WHAT YOU HAVE TO DO: What the answer must contain is every line of the records, exactly, with no pictures.

[Dataset records]
::::

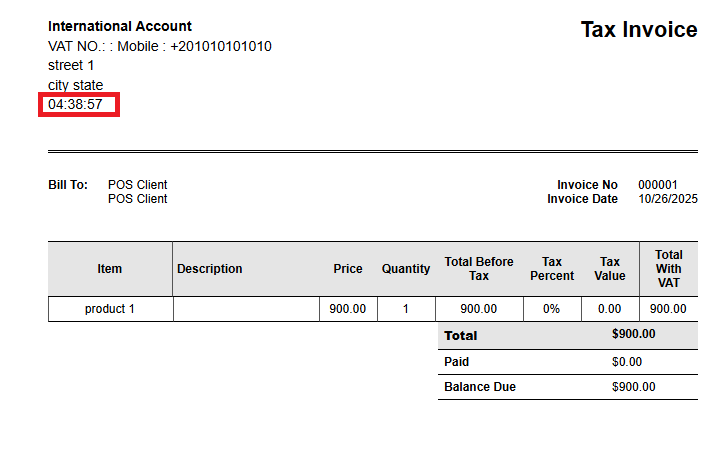 In addition to the default invoice layout, the system provides several other layouts that you can use as they are or customize by adding or removing fields or changing the design. In this article, we will review how to control the display of the invoice creation time and print time in the print layout.
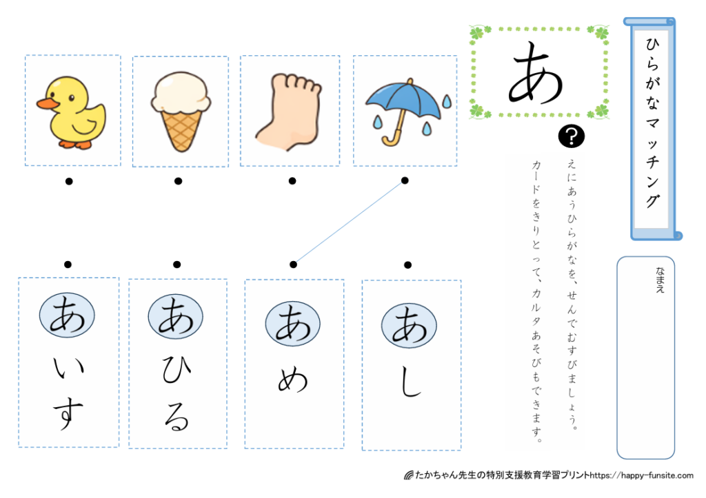 ひらがなマッチングプリント「あ」
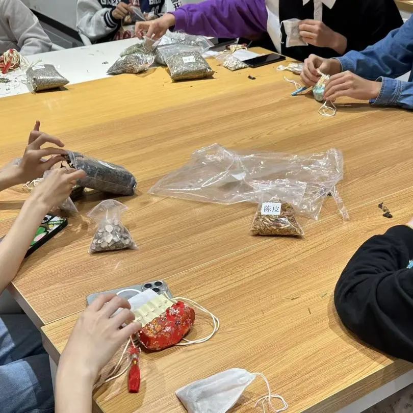 在了解了香囊的历史与种类之后,同学们纷纷开始了自己的制作香囊体验。活动现场洋溢着浓厚的艺术氛围,每个人都在尽情发挥自己的想象力和创造力,用多种多样的香料制作出独一无二的作品。在制作过程中,同学们互相交流、互相帮助,现场气氛热烈而融洽。通过这次制作香囊体验活动,同学们不仅锻炼了自己的动手能力和艺术创造力,更是在实践中感受到了团队合作的力量和乐趣。
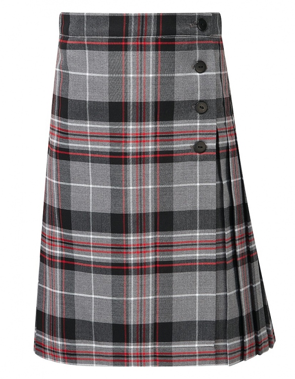 Junior School Tartan Skirt, Kilt Wrap Front with Pleats, Button Waist, Polyester / Viscose
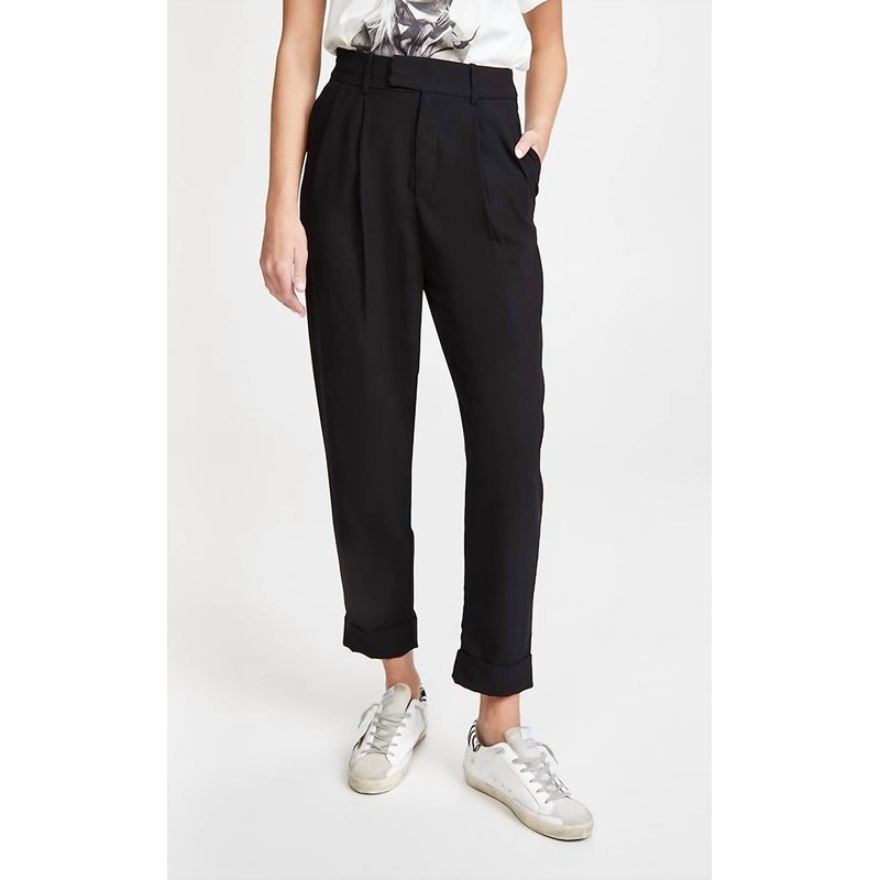 Upgrade your wardrobe with the Pleated Front Pant by BB Dakota, a sophisticated addition for any occasion. Designed with a polished, solid black finish, these trousers feature a flattering regular fit and a tapered leg style. Crafted from lightweight, 100%

::::

RESPONSE AREA:
 In addition to the default invoice layout, the system provides several other layouts that you can use as they are or customize by adding or removing fields or changing the design. In this article, we will review how to control the display of the invoice creation time and print time in the print layout.
 ひらがなマッチングプリント「あ」
 在了解了香囊的历史与种类之后,同学们纷纷开始了自己的制作香囊体验。活动现场洋溢着浓厚的艺术氛围,每个人都在尽情发挥自己的想象力和创造力,用多种多样的香料制作出独一无二的作品。在制作过程中,同学们互相交流、互相帮助,现场气氛热烈而融洽。通过这次制作香囊体验活动,同学们不仅锻炼了自己的动手能力和艺术创造力,更是在实践中感受到了团队合作的力量和乐趣。
 Junior School Tartan Skirt, Kilt Wrap Front with Pleats, Button Waist, Polyester / Viscose
 Upgrade your wardrobe with the Pleated Front Pant by BB Dakota, a sophisticated addition for any occasion. Designed with a polished, solid black finish, these trousers feature a flattering regular fit and a tapered leg style. Crafted from lightweight, 100%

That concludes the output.